Activity: Exactly the lines below starting at the line with "La Madre de" and ending at the line with "Na dokladu vidím, že" are wanted, with both ends included. Leave out the pictures and add no other lines.

Data supplied:
══════

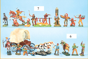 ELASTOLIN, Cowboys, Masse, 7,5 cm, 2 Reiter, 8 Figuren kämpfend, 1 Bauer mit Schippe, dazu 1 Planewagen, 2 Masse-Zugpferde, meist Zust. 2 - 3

══════

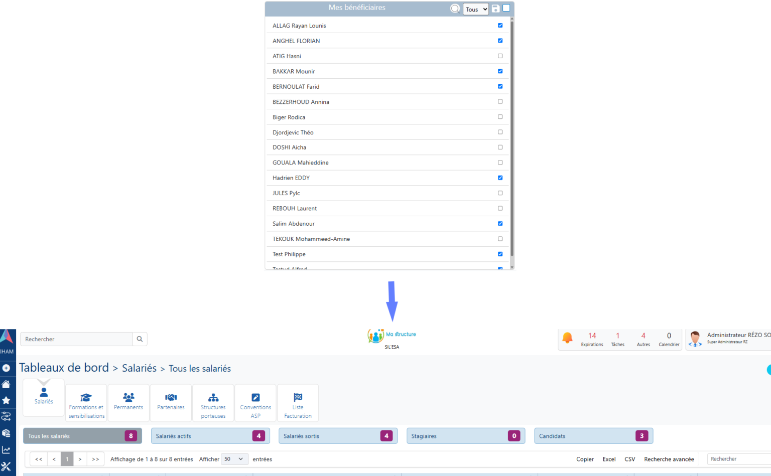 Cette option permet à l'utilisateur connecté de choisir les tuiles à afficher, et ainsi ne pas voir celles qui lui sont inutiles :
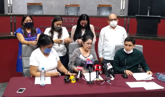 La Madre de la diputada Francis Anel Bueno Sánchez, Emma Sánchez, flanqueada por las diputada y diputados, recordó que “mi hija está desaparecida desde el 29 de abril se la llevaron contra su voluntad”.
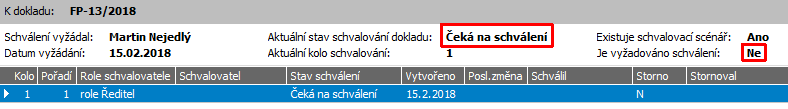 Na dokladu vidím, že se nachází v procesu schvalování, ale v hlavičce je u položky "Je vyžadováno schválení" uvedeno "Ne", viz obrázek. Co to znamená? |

══════

Solution to the problem:
 La Madre de la diputada Francis Anel Bueno Sánchez, Emma Sánchez, flanqueada por las diputada y diputados, recordó que “mi hija está desaparecida desde el 29 de abril se la llevaron contra su voluntad”.
 Na dokladu vidím, že se nachází v procesu schvalování, ale v hlavičce je u položky "Je vyžadováno schválení" uvedeno "Ne", viz obrázek. Co to znamená? |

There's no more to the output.